On 7/1/26 14:20, Alexei Starovoitov wrote:
> On Tue, Jan 6, 2026 at 9:57 PM Leon Hwang <[email protected]> wrote:
>>
>>
>>
>> On 7/1/26 01:44, [email protected] wrote:
>>>> diff --git a/kernel/bpf/syscall.c b/kernel/bpf/syscall.c
>>>> index 14fc5738f2b9..e64cc7504731 100644
>>>> --- a/kernel/bpf/syscall.c
>>>> +++ b/kernel/bpf/syscall.c
>>>
>>> [ ... ]
>>>
>>>> @@ -6279,7 +6345,11 @@ static int __sys_bpf(enum bpf_cmd cmd, bpfptr_t
>>>> uattr, unsigned int size,
>>>>
>>>> switch (cmd) {
>>>> case BPF_MAP_CREATE:
>>>> - err = map_create(&attr, uattr);
>>>> + common_attrs.log_true_size = 0;
>>>> + err = map_create(&attr, uattr, &common_attrs);
>>>> + ret = copy_common_attr_log_true_size(uattr_common,
>>>> size_common,
>>>> +
>>>> &common_attrs.log_true_size);
>>>> + err = ret ? ret : err;
>>>
>>> When map_create() succeeds, it returns a file descriptor that is already
>>> installed in the caller's fd table via bpf_map_new_fd(). If
>>> copy_common_attr_log_true_size() then fails (e.g., user provided a
>>> read-only buffer for uattr_common), the syscall returns -EFAULT but the
>>> fd remains installed.
>>>
>>> Could this leak the file descriptor? The user gets an error and has no
>>> way to know what fd number was allocated, so they cannot close it.
>>>
>>
>> Good catch — you’re right.
>>
>> If 'map_create()' succeeds and 'copy_common_attr_log_true_size()' later
>> fails (e.g. returning -EFAULT), the newly created file descriptor would
>> remain installed and could be leaked.
>>
>> I’ll fix this in the next revision by explicitly closing the fd when
>> ret is non-zero.
>
> No. The refactoring was wrong. Don't make the kernel do extra work.

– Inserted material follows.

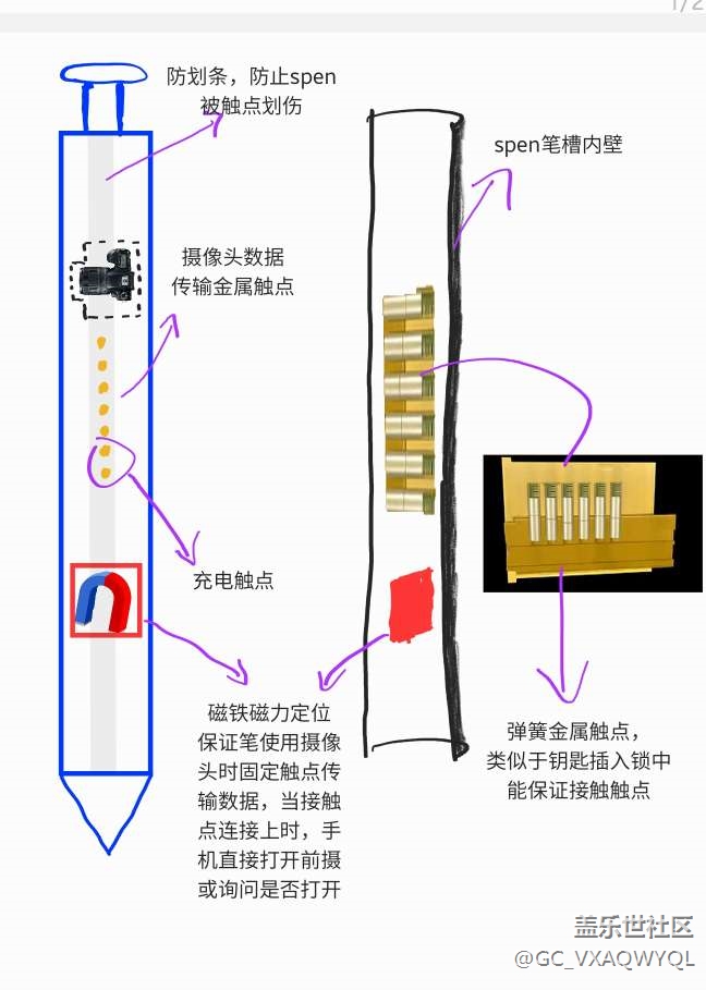 把前攝像頭裝在spen 上面,因為無線傳輸圖傳是不可能的,那就改為觸點吧[受虐滑稽]像數(shù)據(jù)線一樣就ok 了,把spen 拔出3分之一時,用汝磁鐵定位,有彈簧(類似于鑰匙插入鎖頭一樣)金屬銅觸點,讓手機與spen連接傳輸相機的數(shù)據(jù),就像U*攝像頭一樣[喵喵]也可以用于spen 充電,像手環(huán)充電一樣,磁吸附銅觸點,就可以把spen 的無線充電模塊去掉了[受虐滑稽]我覺得這個方案真的可以實現(xiàn)[笑哭]你覺得呢

> Patch 3 introduced a bug and closing fd is not a solution.
> Such a pattern can be exploited for DoS.
You’re right — closing the fd after the fact is not the correct
solution, and introducing extra work in the kernel is undesirable. Doing
so could also open the door to DoS-style abuse.
The correct approach is to copy log_true_size into common_attrs
before allocating and installing the new fd, so that a failure in
copying cannot leave behind a partially created object.
I’ll rework this accordingly in the next revision.